Third, you'll need heat sinking to keep the case temperature down -- that thing won't dissipate 60W by itself.
Fourth (and beyond what you were asking), you need a base current of 200mA to maintain that 3V \$V_{CE}\$, and that's pushing into a base at a voltage of 4V. You are not going to do that with a microprocessor GPIO pin.
Use a MOSFET instead of a NPN, You'll be dissipating a lot less power that way. Using "Rdson" also makes calculating power loss easier. You may also want to consider adding a gate driver at that size of device.
Never get a MOSFET rated for X
amps when you think you will need X
amps. Your part is rated for 20A if you can keep the part cool enough. There is often not a way to actually provide that much cooling.
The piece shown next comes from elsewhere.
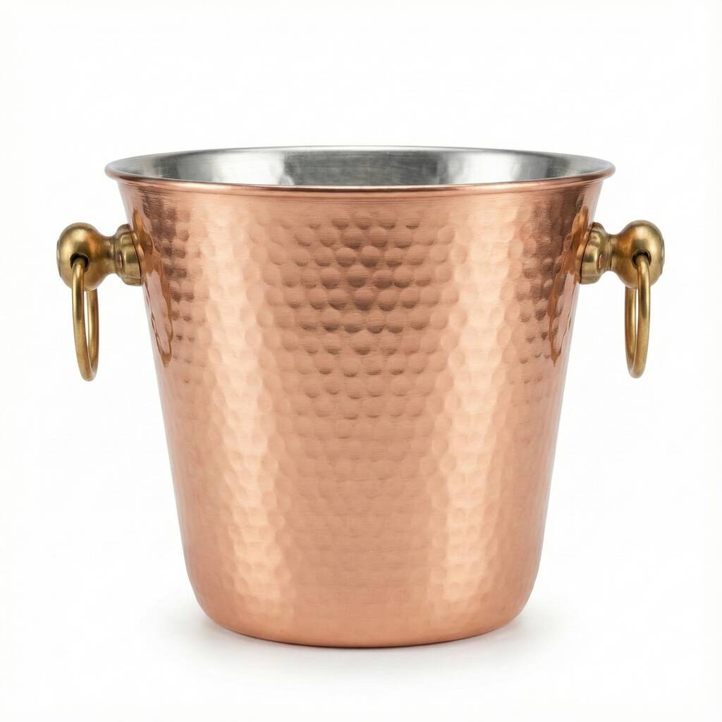 Elevate your entertaining with the Hammered Copper & Brass Ice Bucket — a sophisticated bar essential designed to impress. Handcrafted from pure copper with a food-safe tin lining
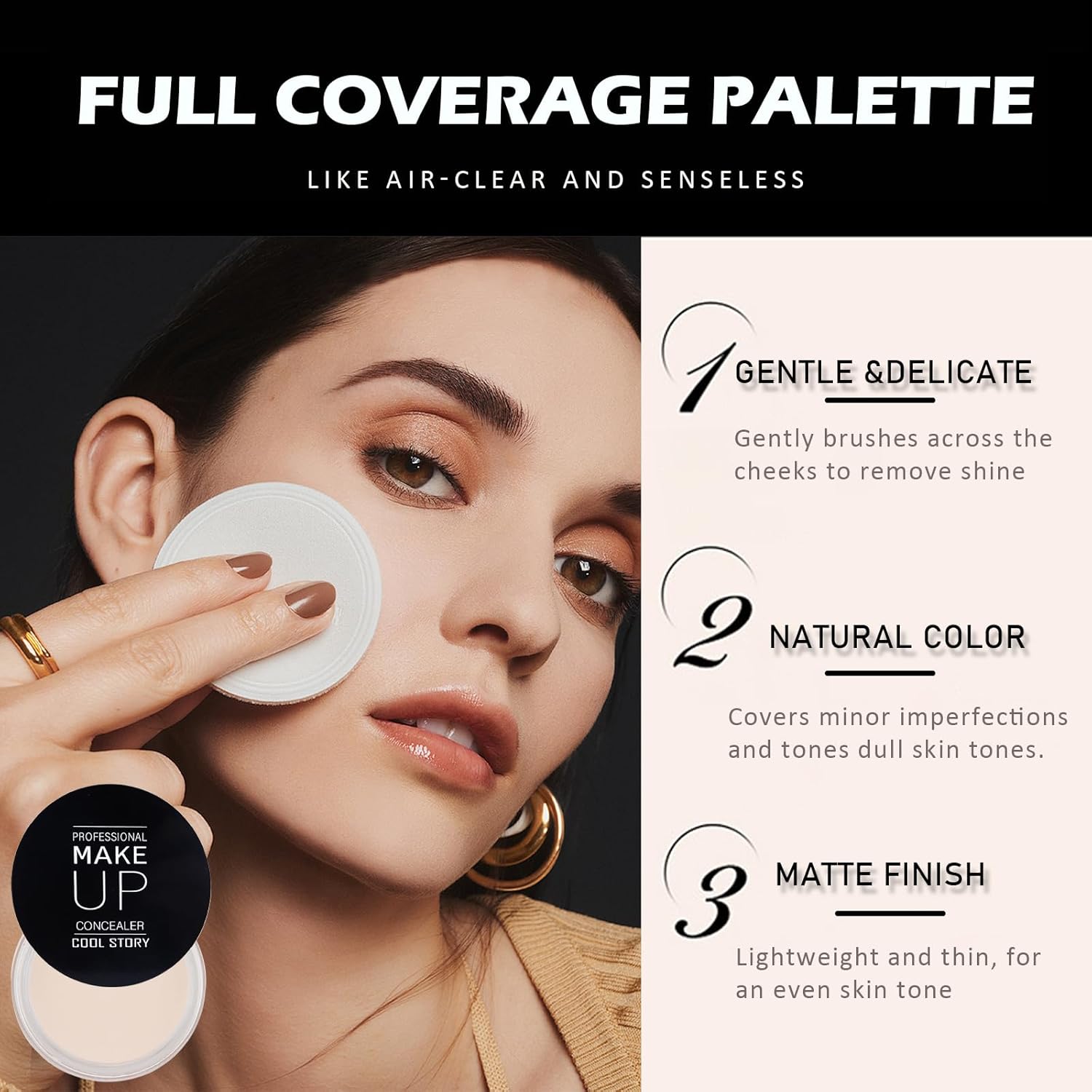 【Full Coverage Concealer】 This under-eye concealer has super adhesion, brightens the eye area, and more effectively covers dark circles, under-eye bags, freckles, pimple marks and other cover facial imperfections. An excellent and indispensable product for beauty lovers!

Use the current rating for things like inrush current (not motor starting current).
Calculate your power dissipation first, try to keep it low to limit your cooling requirements, and then use that information as a specification to find the part you need.
First thing to understand is that power dissipation and power handling are related, but they’re not the same thing.
Power handling is a basic rating for how much current and voltage a device can sustain. It’s a basic measure of the capacity of a switch.
Power dissipation is the measure of power loss in the switch - in this case, a transistor. This is due to the I-R drop from collector to emitter. This is proportional to collector current and the collector-to-emitter voltage, Vce, at that current. For example, if Vce is 3V at 20A the loss will be 60W.
Side note: I’m going to suggest that you will use a higher voltage than 5V for the motor - losing 3/5ths of the power in the switch doesn’t seem like a good trade off. Last time I worked on something with a 2N6284 in it was for a servomotor that ran on 30V.
What the derating graph is telling you is the safe limit of dissipation at a given case temperature. As the temperature increases, the safe operation limit goes down. With the 20A current and dissipation of 60W from the example, the graph tells you that you need to keep the case temperature below 125 deg. C. Practically, that’s a very large heatsink and possibly a fan, too.
The benefit of using a FET is that they don’t have the Vce drop. Instead, they have on resistance, Rds (on), which can be very, very low for a big FET. They too will have dissipation from the I-R drop but it’s considerably less than for the transistor. Nevertheless they also have safe operation limits and require derating for elevated temperature.
A tip: you can combine devices in parallel to boost the power handling capacity.